Маневры памяти (сборник) - страница 42
Муж Натальи Сергеевны (не первый) – Семен Галладж – был значительно старше ее. В молодые годы он работал кинооператором (упоминался фильм «Семеро смелых»), в шестидесятых же числился на «Мосфильме» членом парткома, если не парторгом. Что это за должность, скоро, видимо, придется объяснять. Детей Наталья Сергеевна не имела и умерла в восьмидесятых.
Я обещал, помнится, если будет повод, сказать несколько слов о названии «Красный Латыш». Повода не случилось, но сам населенный пункт, названный так в те годы, когда множество людей еще крепко помнило климат первых послереволюционных лет, еще долго не даст забыть это прилагательное с этим существительным. Кое-что о нравах этих преторианцев мне случилось услышать от Николая Николаевича Никулина, замечательного эрмитажника-искусствоведа, детство и отрочество которого (конец 1920-х и 1930-е) прошло в доме № 52 по Английской набережной. Часть этого дома, одного из последних перед набережной Пряжки, была после гражданской войны отдана под жилье латышам, работавшим в ВЧК, ОГПУ и НКВД, куда их определили как товарищей, проверенных революцией. Среди них был человек огромного роста, один из комиссаров латышского полка времен гражданской войны. В конце тридцатых комиссар пропал. Обстоятельства исчезновения были странными – якобы выпал из идущего поезда. Вскоре после этого все латыши, жившие в доме, были арестованы и обратно уже не вернулись. А четверть века спустя, уже в 1960-х, когда во дворе дома раскапывали для ремонта труб небольшой скверик, в земле обнаружили громадный желтый скелет. Таким простым способом латыши, упреждая меры сверху, наводили порядок в своих собственных рядах.

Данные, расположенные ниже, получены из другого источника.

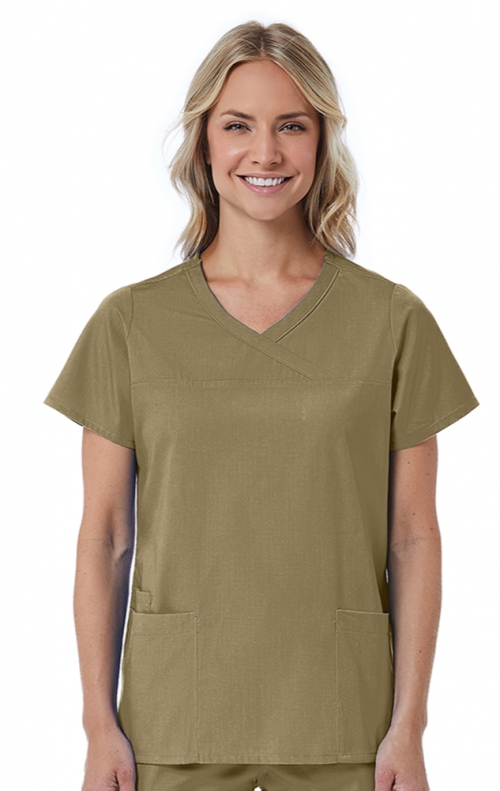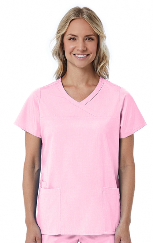 1726 Red Panda Haut Mock Wrap à Col Courbée pour Femmes par Maevn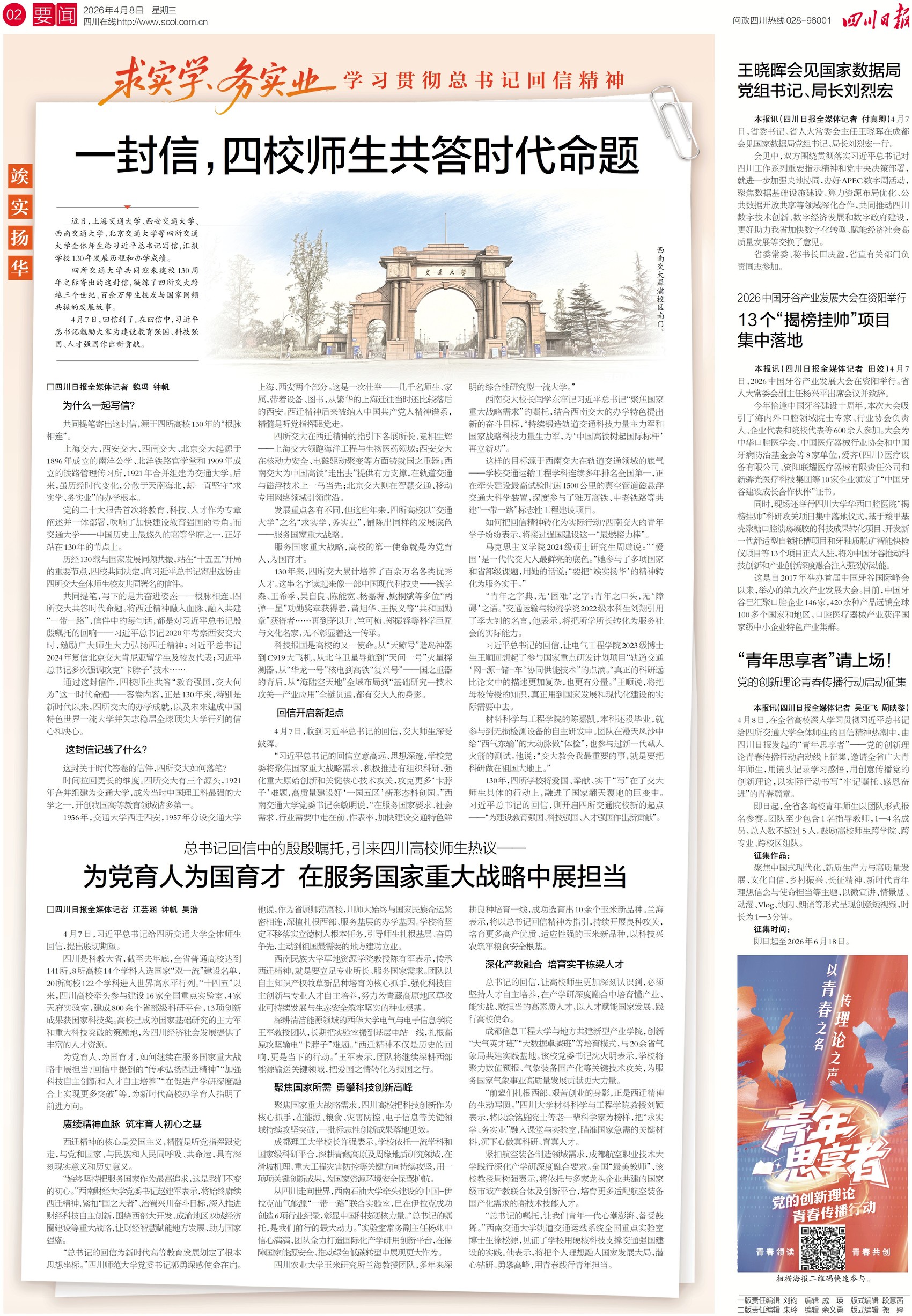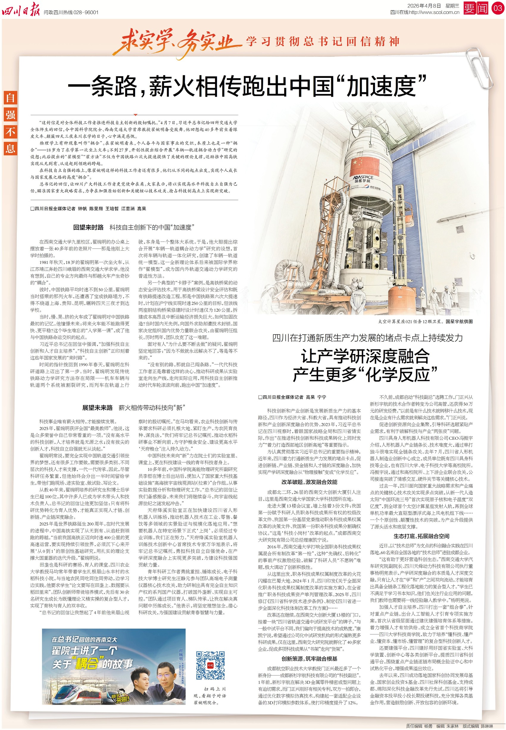 回信如号角,为四川高校科创动能注入更强动力——翟婉明院士助力高铁领跑、职务科技成果改革破冰、产学研深度融合,这些早已深耕的实干,如今更添奋进力量。今日四川日报二、三版推出特别报道,看四校师生共答时代命题。

Последний сюжет, прямо скажем, пустяковый, помещен здесь лишь в качестве виньетки. Николай Иванович Исаев, отец бой-скаутов и мотоциклистов, однажды (1900-е годы) вернулся из Швейцарии с карманными золотыми часами, изготовленными по специальному и индивидуальному заказу. Вместо цифр циферблат этих часов окружала круговая надпись ISAEFNIKOLA, место двенадцатой буквы (аналога которой в латинице не разыскали) занимал циферблатик секундной стрелки.

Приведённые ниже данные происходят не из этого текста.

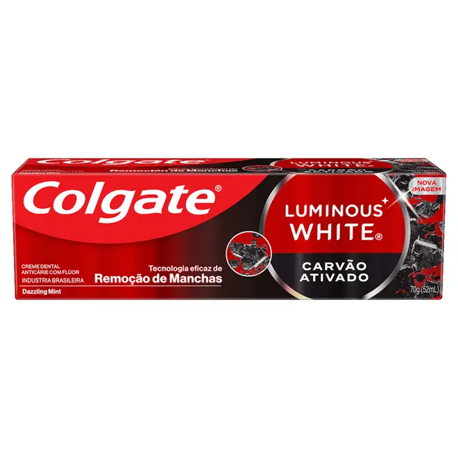 O Creme Dental Colgate Luminous White Carvão Ativado 70g foi desenvolvido para proporcionar limpeza profunda e auxiliar na remoção de manchas superficiais dos dentes.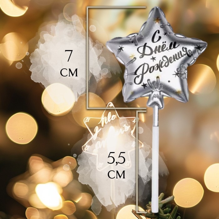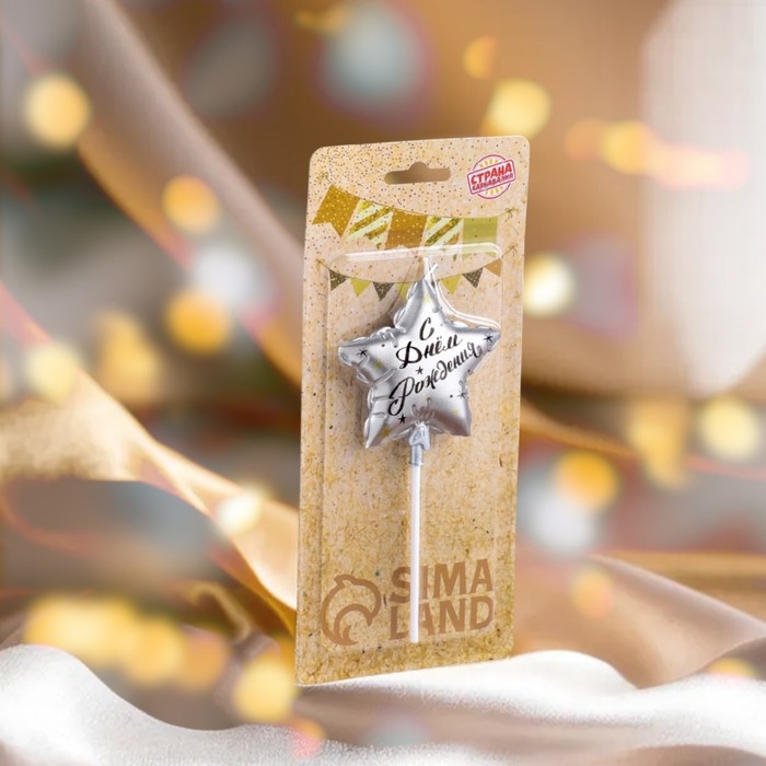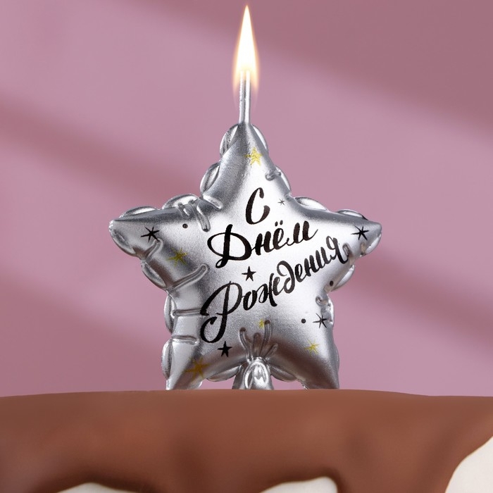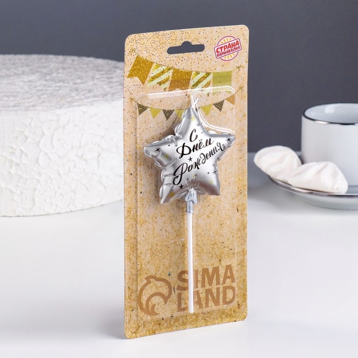 Свеча в торт на шпажке "Воздушный шарик.Звезда", 7 см, серебряная

Когда, давно овдовев, тетя Надя в раннебрежневские годы продала в минуту жизни трудную золото этих часов, то обнаженное нутро их с ненужным скупке циферблатом приручил я. Я заказал им никелированный корпус с ушками, приладил какие-то защелки с ремешками и сделал наручными. Получившийся прибор был более похож на туристский компас, нежели на часы, но моим друзьям он неизменно доставлял поводы для развлечений. Однажды, когда, помнится, встречали Новый год, кто-то завопил: «Уже без F минут N, а у нас еще и не налито!»
К концу нашего путешествия совсем замолкли, словно исчезли мои пассажиры. Ну что ж. Кто не устанет за четыреста километров?

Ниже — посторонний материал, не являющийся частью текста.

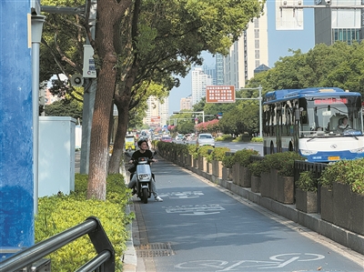 记者在府东路上看到,一位市民骑电动自行车到了路口等待绿灯通行,为了躲避烈日,不得不将车子歪斜地停在绿化带旁,借着几株铁树稀疏的阴影勉强遮阳。另一位骑车带着孩子的女子说:“孩子坐在后座直喊热,特别是车子停下来,要是路上有更多的遮阳棚就好了。”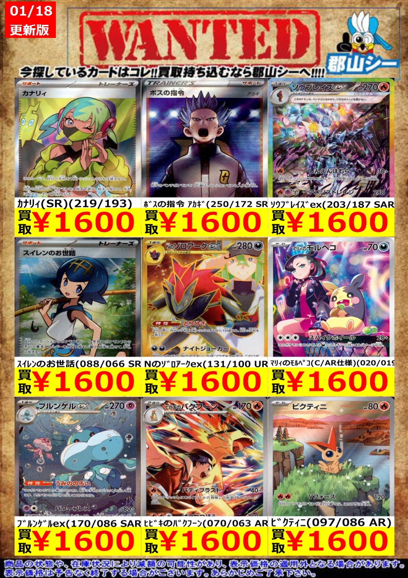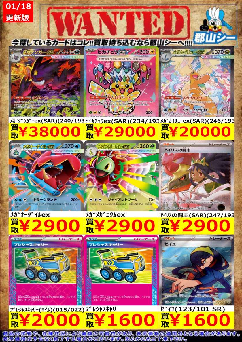 シーガル郡山店ポケカ数量限定お買取り情報更新です!よろしくお願いいたします! ※商品の状態や在庫状況により減額の可能性があり、表示価格の適用外となる場合がございます。 メガルカリオex(MA)(228/193) ¥800 カナリィ(SR)(219/193) ¥1,600 ヒカリ(SR)(106/080) ¥1,100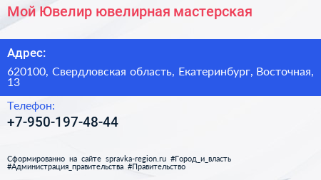 Мой Ювелир, ювелирная мастерская по адресу 620100, Свердловская область, Екатеринбург, Восточная, 13 в дальнейшем Организация, размещена в следующих категориях:
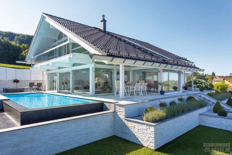 Highlight vieler privater Domizile sind sinnliche Wellness-Features wie Sauna, Whirlpool aber auch der eigene Pool. Denn in der heutigen Zeit, in der Ruhe und Entspannung wegen der Hektik des Alltags immer seltener werden, steigt der Wunsch nach Ausspannen in der Geborgenheit der eigenen vier Wände immens.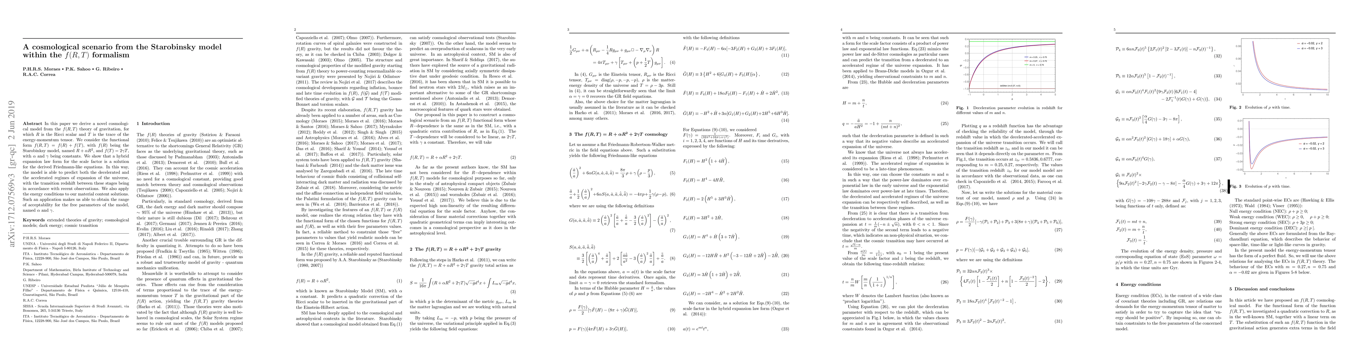 In this paper we derive a novel cosmological model from the $f(R,T)$ theory of gravitation, for which $R$ is the Ricci scalar and $T$ is the trace of the energy-momentum tensor. We consider the functional form $f(R,T)=f(R)+f(T)$, with $f(R)$ being the Starobinksy model, named $R+\alpha R^{2}$, and $f(T)=2\gamma T$, with $\alpha$ and $\gamma$ being constants. We show that a hybrid expansion law form for the scale factor is a solution for the derived Friedmann-like equations. In this way, the model is able to predict both the decelerated and the accelerated regimes of expansion of the universe, with the transition redshift between these stages being in accordance with recent observations. We also apply the energy conditions to our material content solutions. Such an application makes us able to obtain the range of acceptability for the free parameters of the model, named $\alpha$ and $\gamma$.

А теперь нам скоро уже было и сворачивать.
По извилистой лесной дороге мы приближались к месту нашего назначения. На одном из поворотов на пне сидел бородатый нищий в драной холщовой рубахе и в лаптях. Я притормозил, чтобы спросить, правильно ли едем, но нищий опередил меня своим вопросом.
– Курс доллара на сегодня не подскажете?
Обомлел даже кинооператор.
– Ну, чтобы ориентироваться, – сказал нищий. – Туристов ждем.
В глубине лохмотьев у него запел-заверещал мобильник.
До озера Пирос оставалось километра три.
Семья губернатора Василия Матвеевича Глинки (1836–1901). 1911 год.